Before executing a kernel on the GPU, all of the data used by kernel needs to be transferred from the CPU memory to the GPU memory. After execution, the data produced by the kernel most likely needs to be transferred back to the CPU memory. The function most commonly used to accomplish this memory transferring is cudaMemcpy.

Figure 1 shows the average transfer time using cudaMemcpy across a wide range of transfer sizes. All data was collected on Barracuda10, which has the following hardware setup: 3.20 GHz Core 2 Extreme processor, GTX 280 GPU, and PCIe version 2.0. Four different configurations were measured; they are differentiated by whether they measure transfers to or from the GPU memory and whether they use pinned or non-pinned memory. Pinned memory is memory allocated using the cudaMallocHost function, which prevents the memory by being swapped out and provides improved transfer speeds. Non-pinned memory is memory allocated using the malloc function. See Memory Management Overhead for details on the performance difference between cudaMallocHost and malloc.

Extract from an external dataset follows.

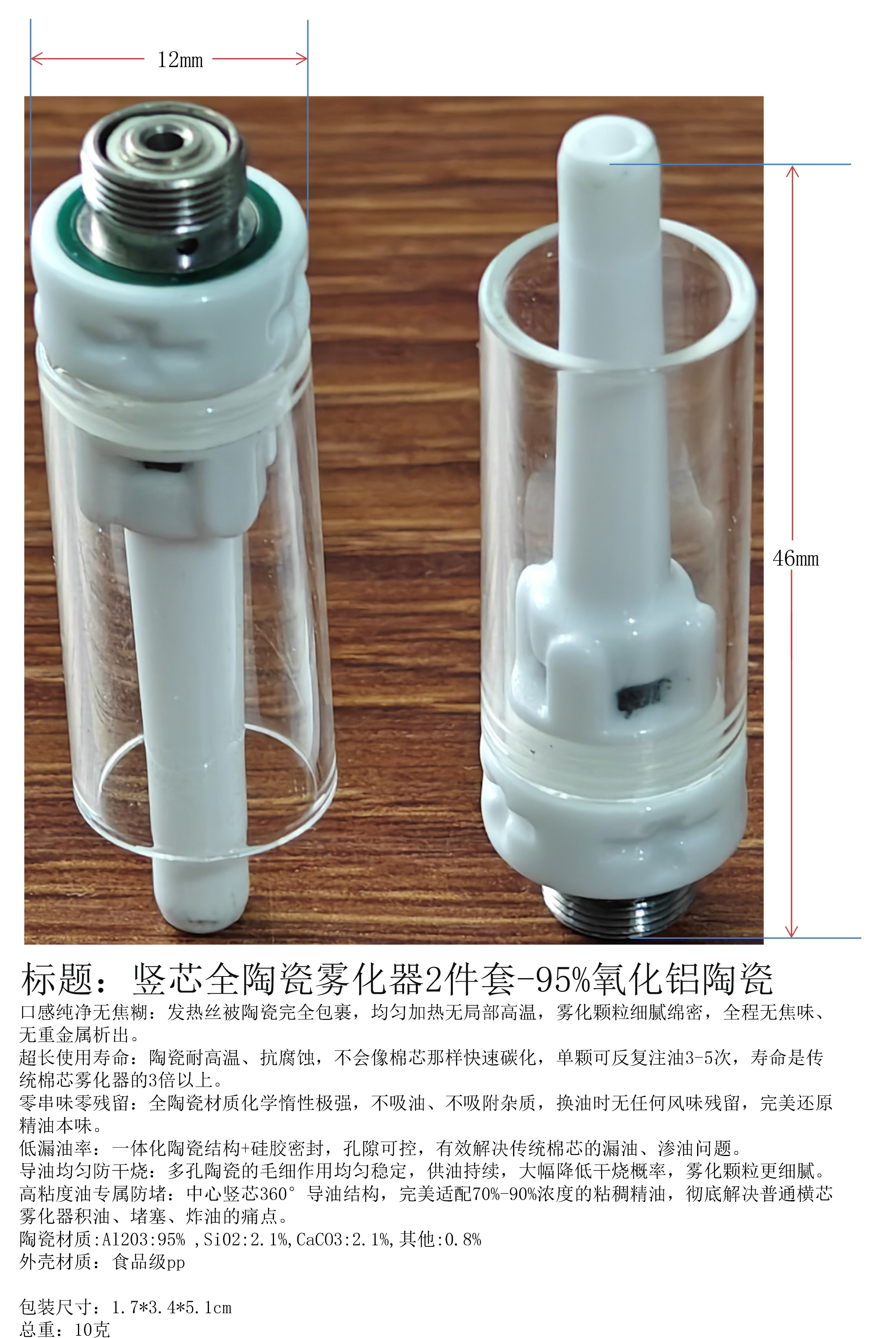 产品名称:竖芯全陶瓷雾化器2件套-95%氧化铝陶瓷
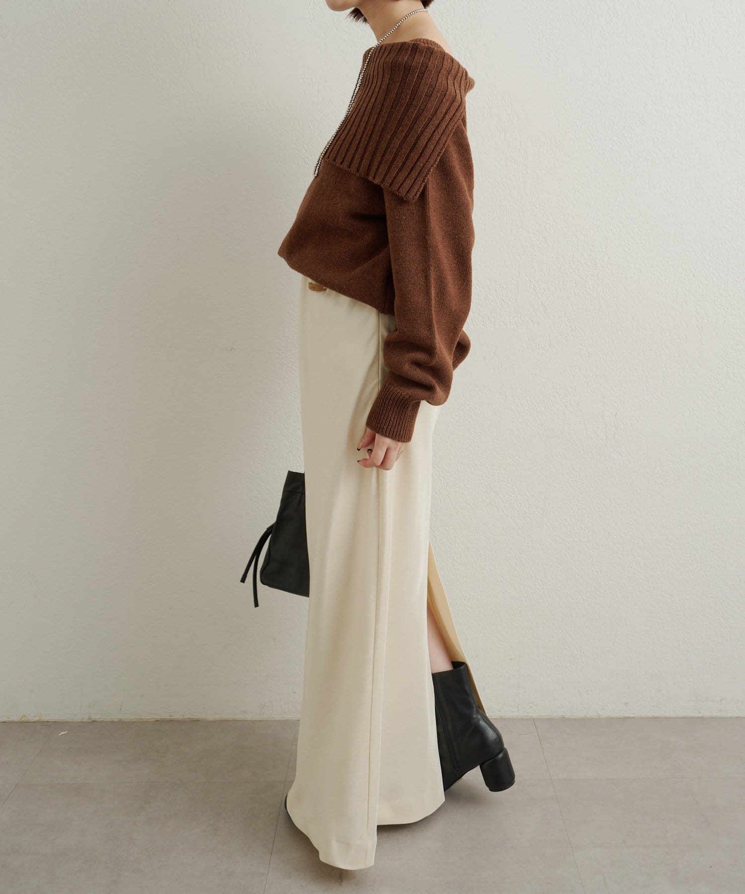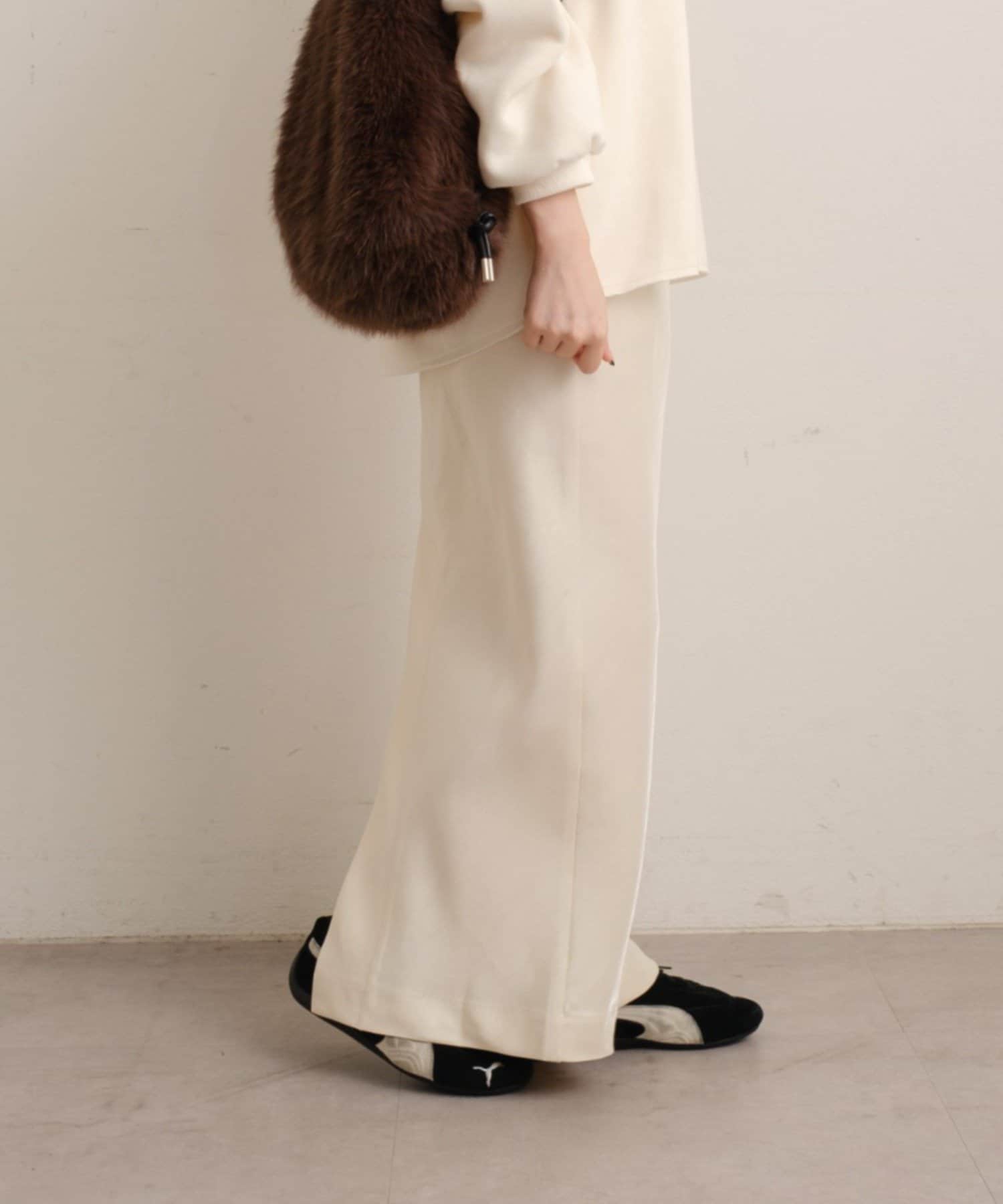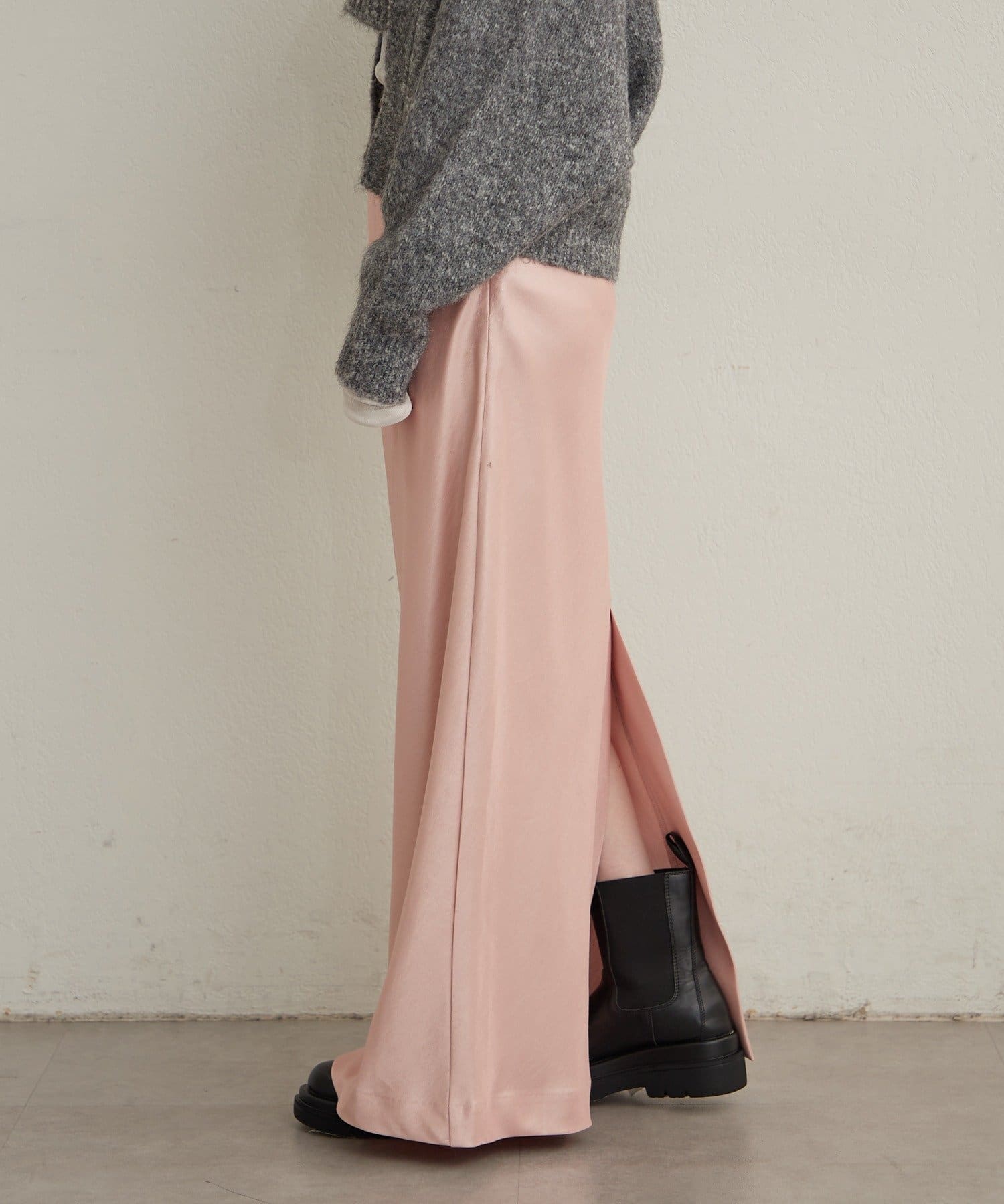 ・美脚効果を演出するIラインシルエット。ピタッとしすぎず、程よいタイト感がデイリー使いしやすい一枚。

For small transfer sizes, there is a constant overhead of about 10 microseconds. At around 8 KB, the transfer time starts to increase linearly and the the performance advantage of pinned memory becomes more significant. For pinned memory, the direction of transfer (to or from GPU memory) has no noticeable impact on the transfer time. For non-pinned memory, the direction of transfer has no noticeable impact for transfer sizes larger than 10 MB.


Figure 1: Time per memory transfer as a function of transfer size. Note the logarithmic scales.


Figure 2 shows the average transfer throughput across the same range of transfer sizes. For small transfer sizes, there is little difference between the various configurations. Above about 16 KB, there is a significant difference between pinned and non-pinned memory. At the largest transfer sizes, pinned memory provides approximately 2.4x higher throughput than non-pinned memory.


Figure 2: Transfer throughput as a function of transfer size. Note the logarithmic scales.